И ты стремишься ввысь, где солнце вечно,
Где неизменен гордый сон снегов,
Откуда в дол спадают бесконечно
Ручьи алмазов, струи жемчугов.
Юдоль земная пройдена. Беспечно
Свершай свой путь средь молний и громов.
Ездок отважный! Слушай вихрей рев,
Внимай с улыбкой гневам бури встречной!
Еще грозят зазубрины высот,
Расщелины, где тучи спят. Но вот
Яснеет глубь в уступах синих бора.
Назад не обращай тревожно взора
И с жадной жаждой новой высоты
Неутомимо правь конем, – и скоро
У ног своих весь мир увидишь ты!
Обращаю внимание читателя, что этот сонет с кодою является акростихом.
Наконец, в 1912 г. я познакомился с Федором Кузьмичем Сологубом, представившим меня петербургскому литературному миру на специальном вечере в своем салоне на Разъезжей. Он написал мне восторженный триолет («Восходит новая звезда…») и не менее восторженное предисловие к моей первой книге – «Громокипящий кубок».
Таким образом, привеченный тремя большими поэтами, возник четвертый, который пишет теперь эту статью, «беспечно путь свершая», и подписывается под нею своим именем.
1924
Озеро Uljaste
Салон Сологуба
1
Когда я познакомился в октябре 1912 года с Сологубом, – об этом достаточно подробно рассказано в моем романе «Колокола собора чувств», – он жил на Разъезжей улице в бельэтаже, где изредка давал многолюдные вечера, на которых можно было встретить многих видных представителей литературно-театрального Петербурга. Собирались обыкновенно поздно: часам к десяти-одиннадцати и засиживались до четырех-пяти утра. Люди же более близкие, случалось, встречали в столовой, за утренним чаем, и запоздалый зимний рассвет.
Съезжавшиеся гости, раздевшись в просторной передней, входили во вместительный белый зал, несколько церемонно рассаживаясь на его белых же стульях вдоль стен. В одном из углов зала, ближе к столовой, стоял мягкий шелковый диван и такие же кресла вокруг круглого столика. У двери, ведущей в кабинет хозяина, помещался рояль и близ него кожаная кушетка. Одну из стен золотила своим солнечным дождем «Даная» Калмакова, и громадное панно по эскизу Судейкина звучало своим тоном.
Собиравшиеся вполголоса беседовали по гpуппам, хозяин обходил то одну, то другую группу, иногда на мгновение присаживаясь и вставляя, как всегда, значительно несколько незначительных фраз. Затем все как-то само собой стихало, и поэты и актеры по предложению Сологуба читали стихи. Аплодисменты не были приняты, и поэтому после каждой пиесы возникала подчас несколько томительная пауза. Большей частью читал сам Сологуб и я, иногда – Ахматова, Тэффи, Глебова-Судейкина (стихи Сологуба), Вл. Бестужев-Гиппиус и К. Эрберг. Однажды приехала Т. Л. Щепкина-Куперник, но на просьбу Сологуба и его гостей прочесть что-нибудь, искренне смущенная, отказалась: «Уж какой я поэт, а тем более чтец, – отнекивалась она, – и без меня найдутся здесь, кому читать более к лицу».

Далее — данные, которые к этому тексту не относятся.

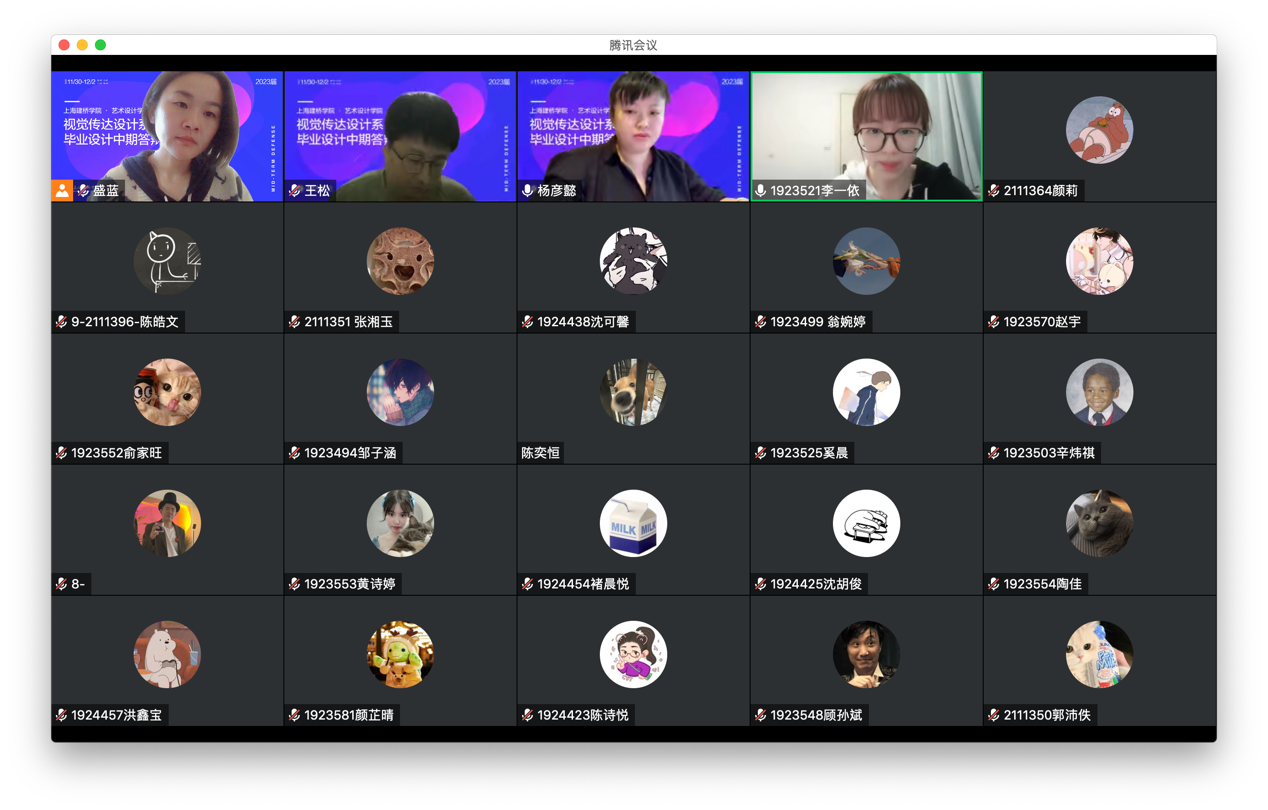 本周教学已进入到第11周,为保障2019级毕业设计工作有效开展,加强过程管理,保证毕业设计质量,艺术设计学院视觉传达设计系利用11月30日~12月2日三天的时间完成了毕业设计的中期检查工作。受疫情防控与学生实习因素的影响,本次检查以全员线上答辩的形式展开。本次参加中期答辩的学生共282人,分为11个答辩小组,每组3位评审老师。院领导与学院督导高度重视此次中期检查工作,并进入答辩会议室了解掌握现场情况。答辩过程中,每位学生介绍自己的课题、汇报作品的进展与导师的指导情况。答辩组评审老师检查毕业设计相关材料,根据学生的作品完成情况进行提问并给出优化建议。本次中期检查工作组织有力,程序规范,平台运行平稳,学生陈述和答辩组评审提问交流环节顺畅,毕业设计作品总体进展良好,基本达到中期检查要求。通过本次检查,督促了学生毕业设计的进程,也促进了毕业设计质量的提升。

Я подошел к ней, разговорился, и мы весь вечер провели вдвоем в кабинете Чеботаревской, поочередно читая друг другу, очень смущенные и разоткровенничавшиеся. У меня осталось об этом вечере прелестное впечатление: сколько уюта и пленительной ласковой интимности было в этой маленькой, глубоко симпатичной и скромной женщине в темном. Она приглашала меня к себе, обещала познакомить с мужем, о котором отзывалась положительно с благоговением. Мне так и не удалось, к сожалению, побывать у нее. Впрочем, одно время мы с нею даже переписывались во время пребывания ее в Италии.
2
Сологуб читал очень просто, четко и всегда, даже в минуты бодрости, казалось, устало. Я очень любил его колдовской, усмешливый и строгий голос. Но монотонность его интонаций, в особенности под утомительное утро, действовало усыпительно: был случай, когда я однажды уснул под его чтение. Пробудился я от звонко расслышанного под виноградным утомлением шума внезапно наставшей тишины: Федор Кузмич и два-три засидевшихся более иных близких его дому человека легчайшими улыбками ободряли мое пробуждение.
Около часа ночи подавался ужин, на много кувертов сервированный, всегда очень нарядный и тонкий. Случалось, прислуживали лакеи из модного ресторана. Пили много вина, воцарялось оживление. Сологуб собственноручно подливал в заостренном разговоре быстро пустующие бокалы.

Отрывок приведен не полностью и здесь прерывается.